6,15-Di(4,6-dimethylpyrimidin-2-yl)-4,17-dimethyl-8,13-dioxa-5,6,15,16-tetraazatricyclo[12.3.0.03,7]heptadeca-1(14),3(7),4,16-tetraene (3). Bis(pyrazolyl)methane 2 (0.80 g, 1.9 mmol) and 1,4-dibromobutane (0.41 g, 1.9 mmol) were consecutively added to a solution of KOH (0.21 g, 3.8 mmol) in EtOH (20 ml). The mixture was heated to 60°С and kept at this temperature until the color of the mixture changed (about 3 h). After cooling, a suspension formed, which was filtered, and the filtrate was evaporated under reduced pressure to dryness. The residue was triturated with H2O (10 ml), the precipitate was filtered off, and recrystallized from H2O–EtOH, 2:1 mixture. The product was washed with water and dried at 70°С to constant mass. Yield 110 mg (12%), colorless powder, mp > 230°С (decomp.), Rf 0.65. IR spectrum, ν, cm-1: 1606 (C=N), 1593 (C=C). 1H NMR spectrum, δ, ppm: 2.02 (4H, s, 10,11-CH2); 2.30 (6H, s, 2CH3); 2.53 (12H, s, 4CH3); 3.51 (2H, s, CH2); 4.36 (4H, s, 9,12-CH2); 6.88 (2H, s, 2CH). 13C NMR spectrum, δ, ppm: 13.5; 15.7; 24.2; 27.6; 75.9; 107.2; 117.1; 149.9; 152.8; 156.0; 168.7. Found, m/z: 475.2582 [M+H]+. C25H30N8O2. Calculated, m/z: 475.2564.

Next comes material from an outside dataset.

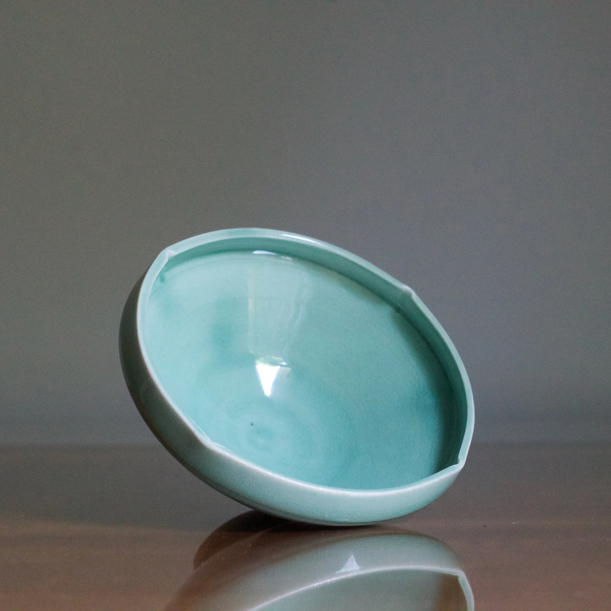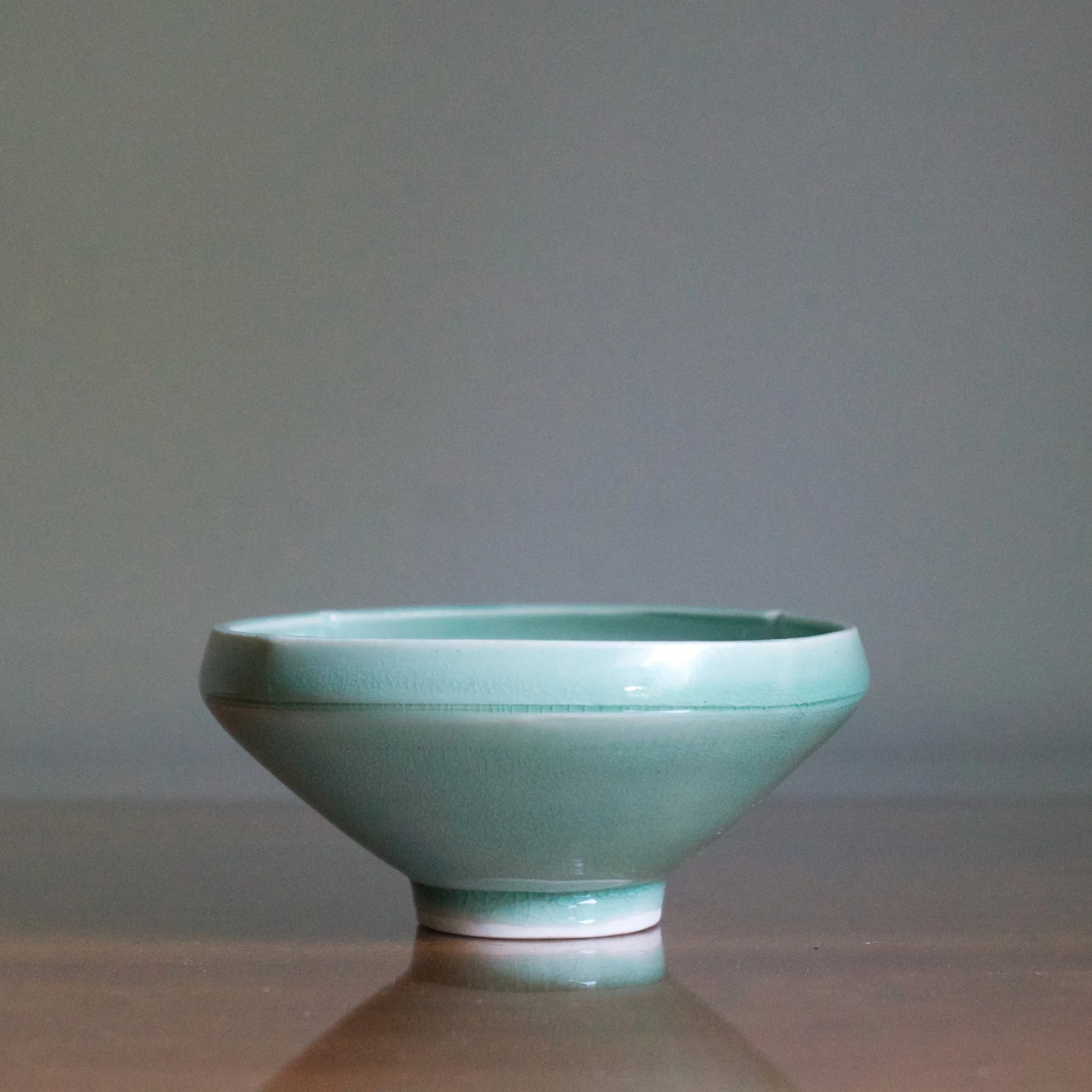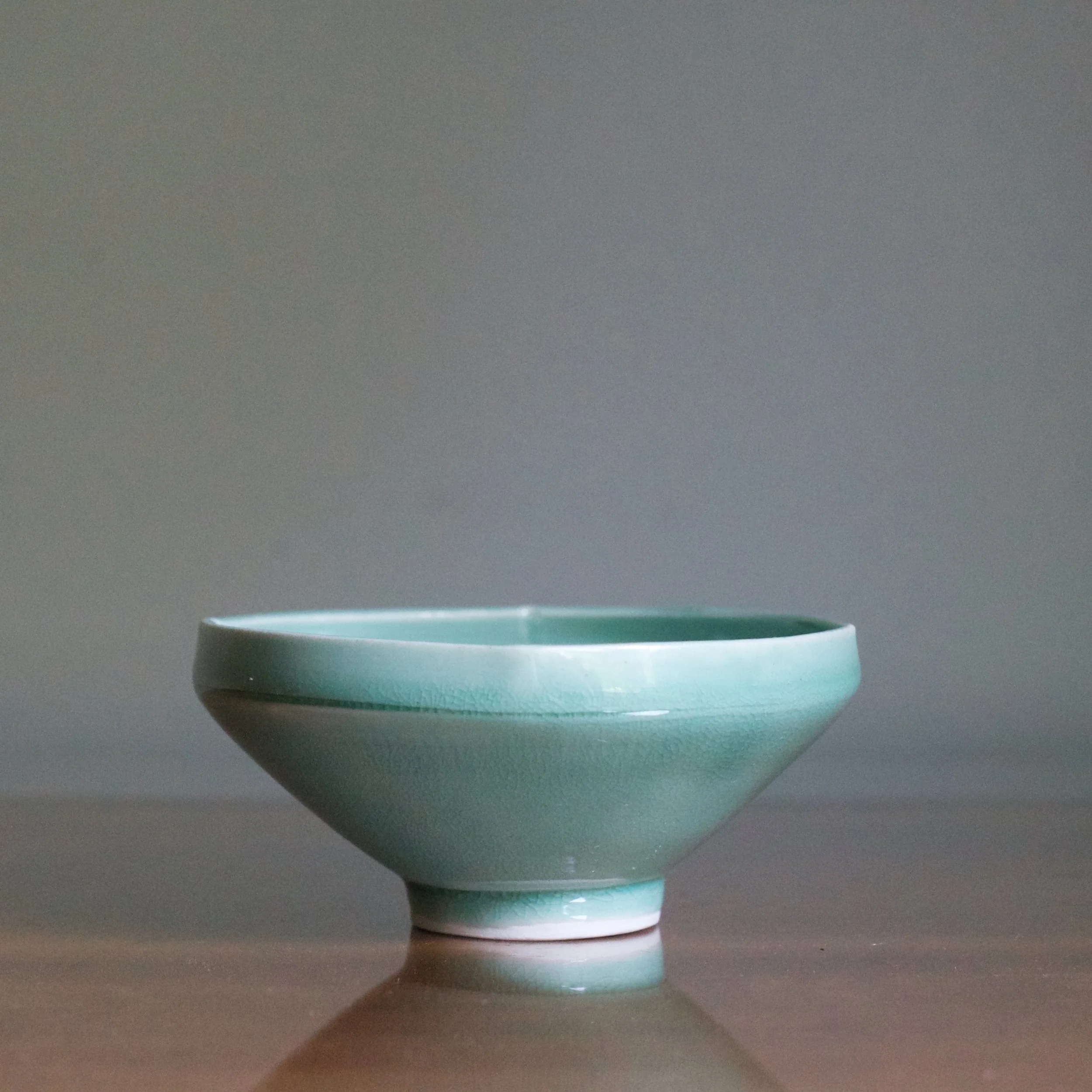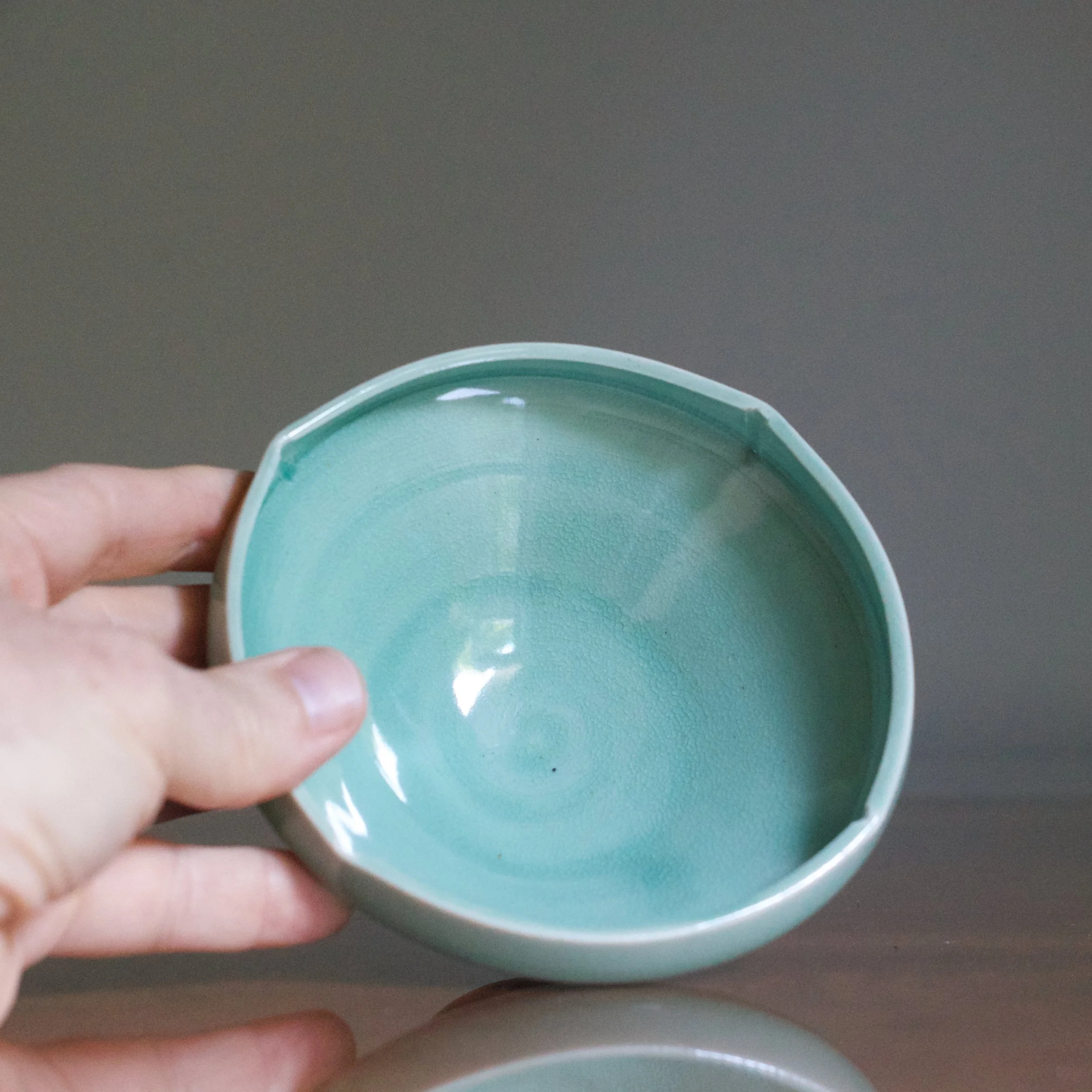 This delicately made bowl is a fine example of Hiro Urakami’s later work with porcelain glazed in soft colours. He threw the bowl with a high foot and slight taper starting at the shoulder. He squared the rim with four “corners” which adds not only visual interest, but also areas for the celadon to break, as well as perhaps spots from which to sip tea. The show “Written in Clay: from the John David Lawrence Collection” at the Vancouver Art Gallery features a stack of Urakami porcelain bowls in a variety of delicate glazes.

X-ray structural analysis of compound 3 was performed on a Rigaku Oxford Diffraction SuperNova XtaLAB diffractometer, equipped with a HyPix-3000 twodimensional semiconductor detector. Measurements were done at 100 K using microfocused monochromatic CuKα radiation. Unit cell parameters (triclinic singony; spatial symmetry group P1; a 9.1002(2), b 11.3466(2), c 12.4224(3) Å; α 70.6779(19), β 86.4910(18), γ 83.3558(17)°; V 1201.96(5) Å3; Z 2) were refined by the least-squares technique on the basis of 46830 reflections with 2θ within 7.54–140.00°. The data were integrated accounting for the Lorentz factor and polarization effects in the CrysAlisPro software package.13 Absorption correction was introduced empirically in CrysAlisPro using spherical harmonics implemented in the SCALE3 ABSPACK scaling algorithm. The structure was solved with the direct method and refined to the final R1 of 0.035 (wR2 0.089) for 4256 independent reflections with |Fo| ≥ 4σF using the program SHELX14,15 built into the OLEX2 complex.16 The positions of hydrogen atoms were calculated by the algorithms incorporated in the SHELX software package, where Uiso(H) was set as 1.5Ueq(C), and the length of C–H bond set at 0.96 Å for CH3 groups; Uiso(H) was set as 1.2Ueq(C), and the length of C–H bond set at 0.97 Å for CH2 groups; Uiso(H) was set as 1.2Ueq(C), and the length of C–H bond set at 0.93 Å for CH groups. The full set of X-ray structural data for compound 3 were deposited at the Cambridge Crystallographic Data Center (deposit CCDC 1852466).